___ Data
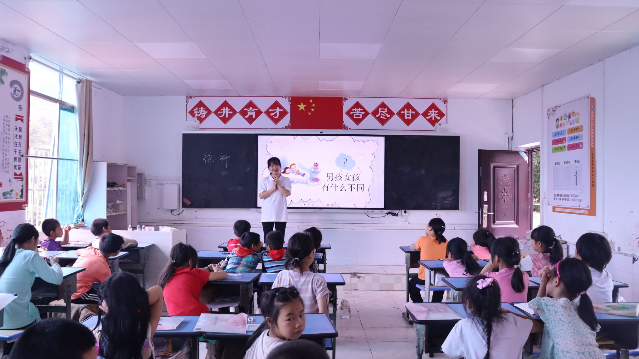 实践团带队老师徐柳依托个人心理学专业背景,为孩子们带来一堂《心若向阳 快乐成长》心理健康与性教育的特色课程。徐老师从动画片片段切入,引导孩子们充分认识自我,学会悦纳自我,建立积极的自我意识;从生命的诞生开始,给孩子们带来了别开生面的性教育第一课:性别的差异、儿童到青春期发育特征、身体的红绿灯区域,教会学生保护自己的隐私,预防性侵害事件的发生。
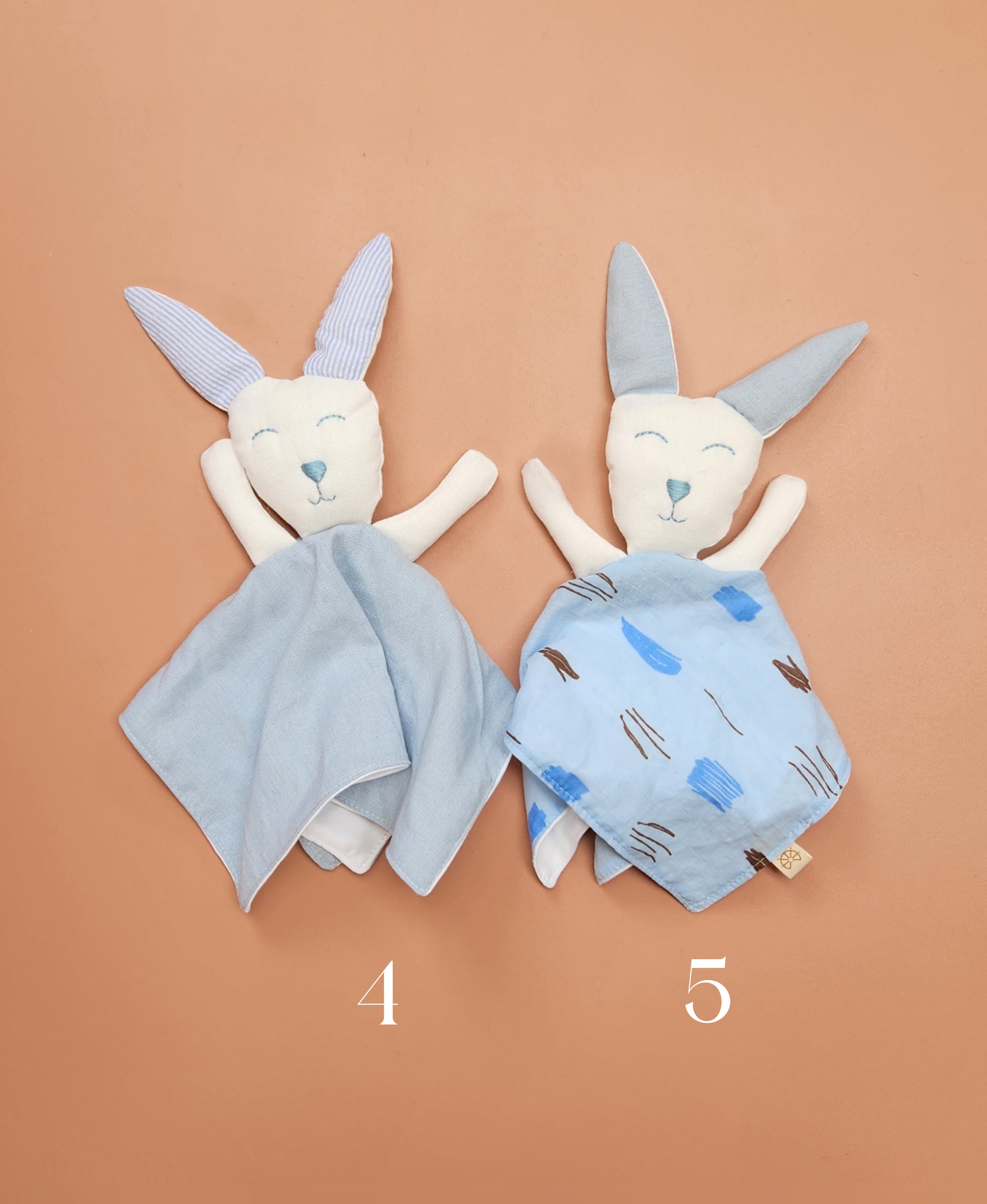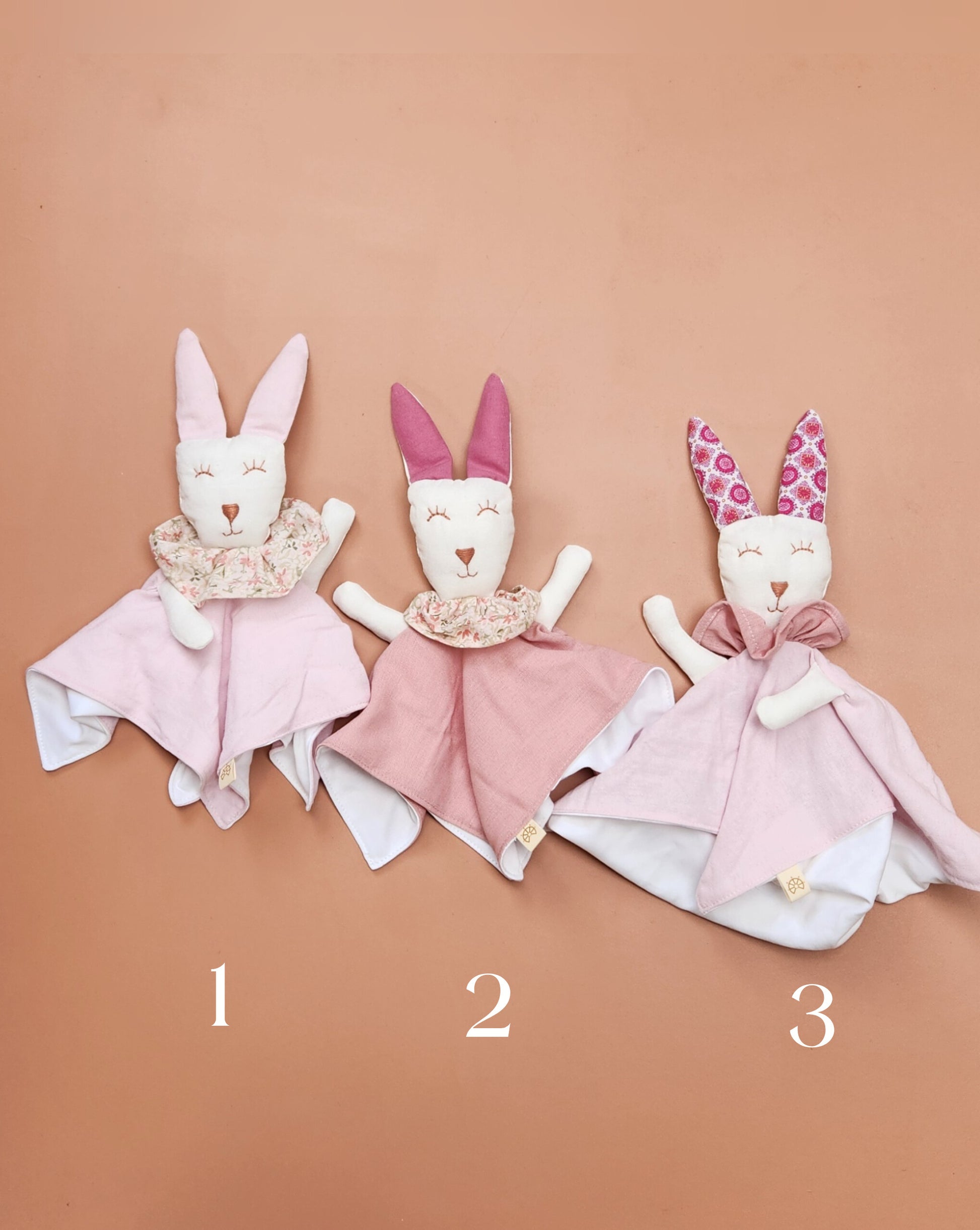 Confeccionado en 100%algodon pima peruano blanco y sus detalles son en algodón o lino según el color, carita bordada a mano con hilo DMC 100% algodon
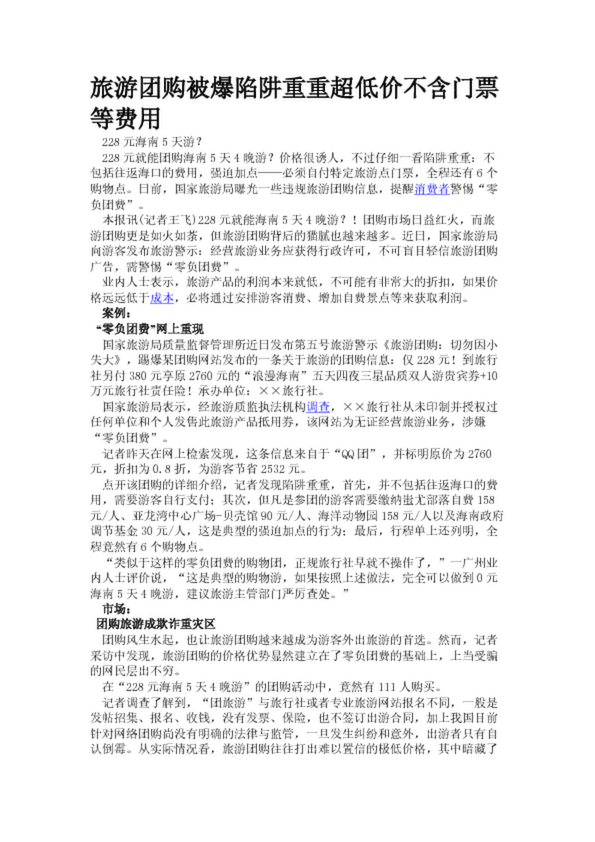 旅游團(tuán)購(gòu)被爆陷阱重重超低價(jià)不含門票等費(fèi)用
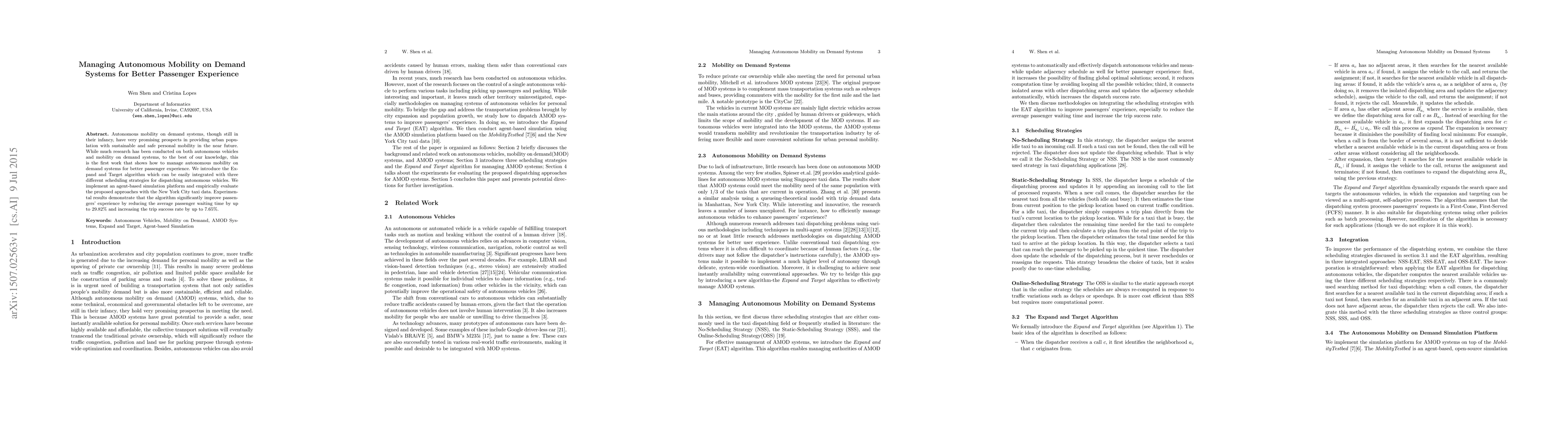Autonomous mobility on demand systems, though still in their infancy, have very promising prospects in providing urban population with sustainable and safe personal mobility in the near future. While much research has been conducted on both autonomous vehicles and mobility on demand systems, to the best of our knowledge, this is the first work that shows how to manage autonomous mobility on demand systems for better passenger experience. We introduce the Expand and Target algorithm which can be easily integrated with three different scheduling strategies for dispatching autonomous vehicles. We implement an agent-based simulation platform and empirically evaluate the proposed approaches with the New York City taxi data. Experimental results demonstrate that the algorithm significantly improve passengers' experience by reducing the average passenger waiting time by up to 29.82% and increasing the trip success rate by up to 7.65%.
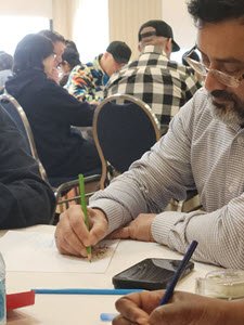 If you take a close look at Mohammad's hand you'll see that the little branches from a cluster of grapes are becoming a physical part of his tree of life creation. Good to see that we have someone creative and practical in charge of our finances.
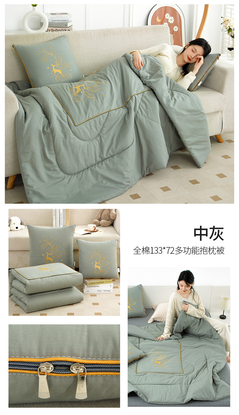 吉利家居 2024新款全棉抱枕被四季款 中灰
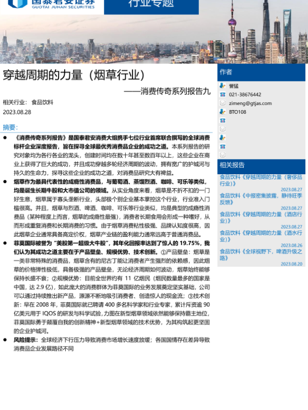 【国泰君安证券】【20230828】穿越周期的力量(烟草行业)——消费传奇系列报告九-13页 行业研究
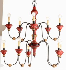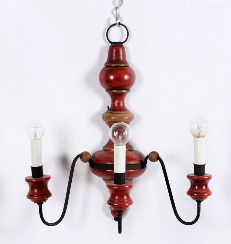 Lampadario e tre applique in legno dipinto
______
= Required work =
Your answer must be an exact copy of the entries above, with no pictures in it.

= Result of this exercise =
 实践团带队老师徐柳依托个人心理学专业背景,为孩子们带来一堂《心若向阳 快乐成长》心理健康与性教育的特色课程。徐老师从动画片片段切入,引导孩子们充分认识自我,学会悦纳自我,建立积极的自我意识;从生命的诞生开始,给孩子们带来了别开生面的性教育第一课:性别的差异、儿童到青春期发育特征、身体的红绿灯区域,教会学生保护自己的隐私,预防性侵害事件的发生。
 Confeccionado en 100%algodon pima peruano blanco y sus detalles son en algodón o lino según el color, carita bordada a mano con hilo DMC 100% algodon
 旅游團(tuán)購(gòu)被爆陷阱重重超低價(jià)不含門票等費(fèi)用
Autonomous mobility on demand systems, though still in their infancy, have very promising prospects in providing urban population with sustainable and safe personal mobility in the near future. While much research has been conducted on both autonomous vehicles and mobility on demand systems, to the best of our knowledge, this is the first work that shows how to manage autonomous mobility on demand systems for better passenger experience. We introduce the Expand and Target algorithm which can be easily integrated with three different scheduling strategies for dispatching autonomous vehicles. We implement an agent-based simulation platform and empirically evaluate the proposed approaches with the New York City taxi data. Experimental results demonstrate that the algorithm significantly improve passengers' experience by reducing the average passenger waiting time by up to 29.82% and increasing the trip success rate by up to 7.65%.
 If you take a close look at Mohammad's hand you'll see that the little branches from a cluster of grapes are becoming a physical part of his tree of life creation. Good to see that we have someone creative and practical in charge of our finances.
 吉利家居 2024新款全棉抱枕被四季款 中灰
 【国泰君安证券】【20230828】穿越周期的力量(烟草行业)——消费传奇系列报告九-13页 行业研究
 Lampadario e tre applique in legno dipinto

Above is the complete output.